One of the biggest hopes for Argonne, in terms of both science and employment, is the Rare Isotope Accelerator (RIA), an instrument that would allow physicists to probe the interactions between particles that make up an atom's nucleus, and to make isotopes for applied-science purposes.
Such isotopes could be used to analyse properties of new materials. Engineers can understand piston wear by irradiating the piston wall and then measuring radiation. Materials scientists could use rare isotopes produced by the RIA to do the same with, say, artificial knee joints.
But although the Department of Energy and the National Science Foundation have called the RIA their "highest priority for major new construction", the money has not yet been committed. And Argonne is competing with Michigan State University for the $65-million facility. There's a lot at stake. The RIA would create jobs for some 400 operators and bring in about 800 users a year by 2010, the earliest it could be fully online, says Donald Geesaman, director of Argonne's physics division.

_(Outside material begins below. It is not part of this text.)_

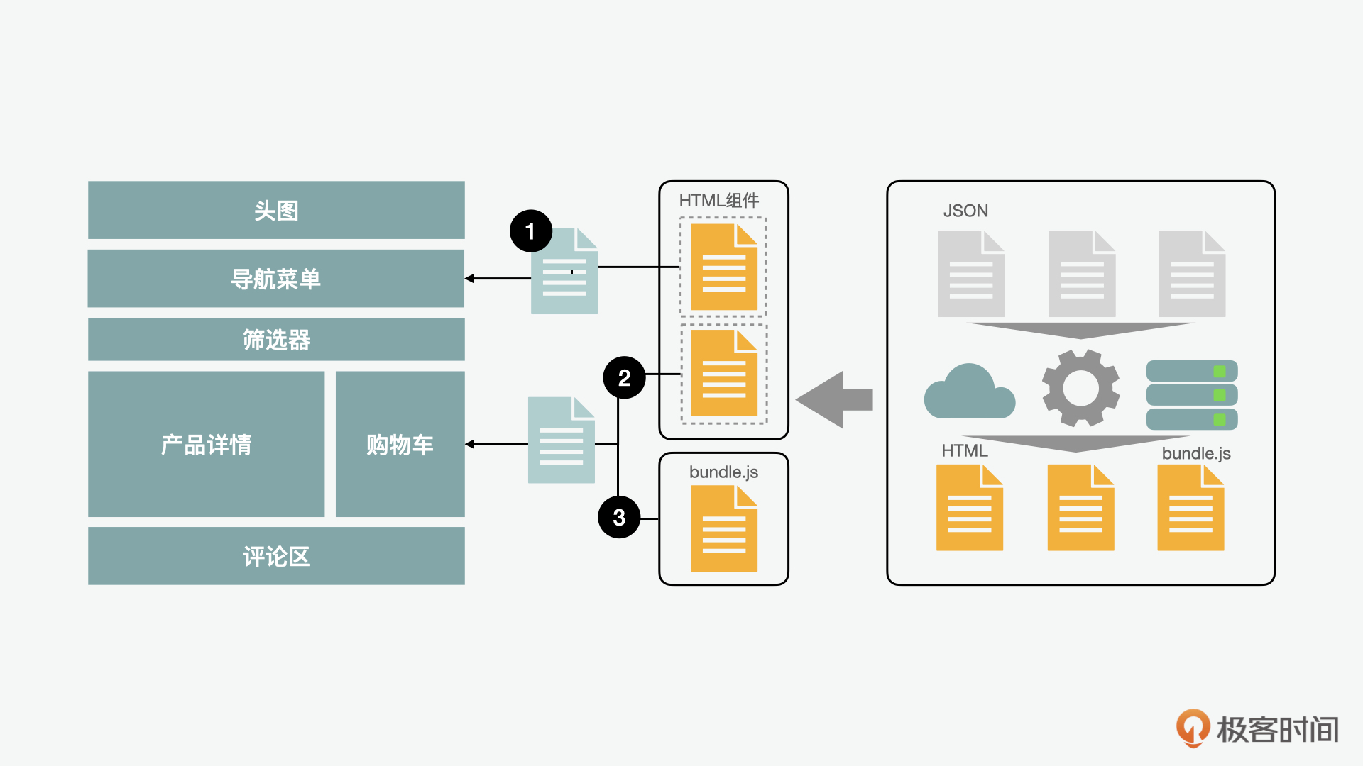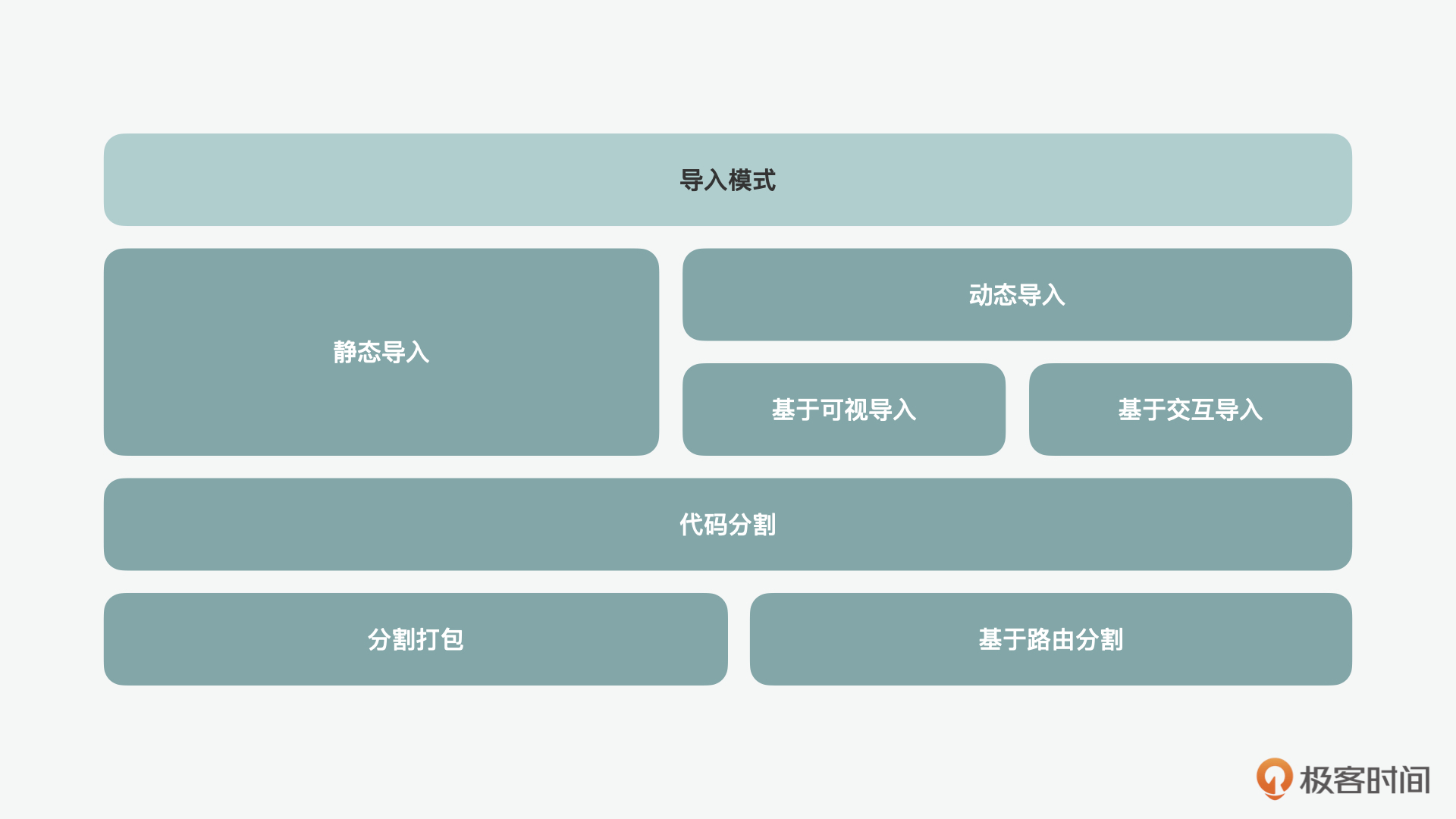 为了配合上述的渲染模式,自然需要一系列的加载模式。对于静态内容,就通过静态倒入;动态的内容则通过动态倒入。基于渐进的思想,我们也可以在部分内容活动到特定区域或者交互后,将需要展示的内容渐进地导入。被导入的内容可以通过分割打包(bundle splitting),根据路径(route based splitting)来做相关组件或资源的加载。

New facilities will play an important role in keeping the area robust, so scientists from both labs and local universities have begun banding together. Argonne's Kwang-Je Kim is leading a multi-institution effort to set up the Institute for Advanced Accelerator Physics, where scientists will ponder how instruments such as the APS could be tweaked into a more powerful light source, and consider technologies not yet in use for new kinds of accelerator.
STRENGTH IN NUMBERS
The Illinois Consortium for Accelerator Research, a group of universities and institutes formed to back Fermilab, has allowed local universities to pool their resources with the two national labs, resulting in more state funding for research salaries.
Consortium director Chris White, assistant professor of physics at the Illinois Institute of Technology, was drawn to the area by such interactions. He participates in research projects at both federal labs. And when the LHC gets turned on? "That's many years out," says White. Meanwhile, "there's no better place than Chicago to get a job in physics".